In general, I want to compare the computing time between a large dataset and split datasets in Spark with the same learning algorithm. The other reason is that I want to get the partition model results.

However, the result shows that the original way is faster than the parallel method. In general, I predict the parallel running with split datasets, which is faster. However,I do not know how to set up it.

How can I adjust the parameters to get I want?

or Can I stop to use partitions using the original method in Spark?

The original:

val lr = new LogisticRegression()
val lrModel = lr.fit(training)

The parallel:

val lr = new LogisticRegression()
val split = training.randomSplit(Array(1,1,.....,1), 11L)
for (tran<-split)
  lrModels=lr.fit(train)
Martin TT
  • 301
  • 2
  • 16

1 Answers1

0

First snippet, "original" is also parallelized. To understand it, please look at a Spark execution model.

In first example, Spark have one large dataset. Spark splits it to partitions and calculate each partition in other thread. In second example, you split your data manually (of course internally data is splitted also to partitions). Then you invoke fit - however, in a loop, so this model will be calculated, then other one, etc. So "parallel" example is not more parallel than first one and I'm not suprised that first code runs faster.

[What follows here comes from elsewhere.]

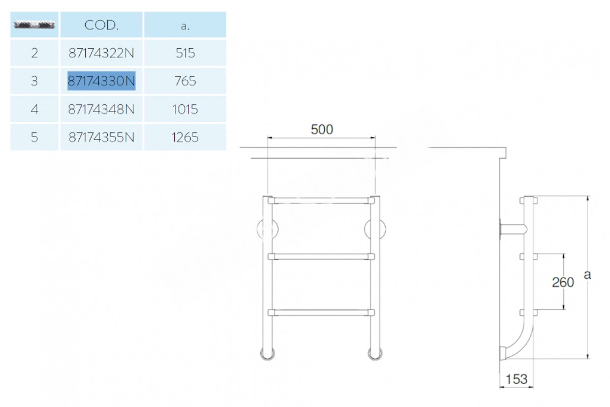 1 штСостоит из трех ступенек с противоскользящими пластиковыми накладками. Она изготовлена из нержавеющей стали AISI-316, благодаря чему может быть установлена в бассейнах с морской водой. Крепление в стену фланцевое, снизу лестница упирается в стену бассейна через резиновые заглушки.

In first example you are making one model, in other you are making few models. Each model building is invoked on few threads, however each fit() in second example is invoked just after previous calculation is made.

You can stop parallelism via repartition method with parameter value = 1, however it's not a solution to stop parallelism in first example. You have just shown, that iterative approach is slower than parallel :)

T. Gawęda
  • 15,706
  • 4
  • 46
  • 61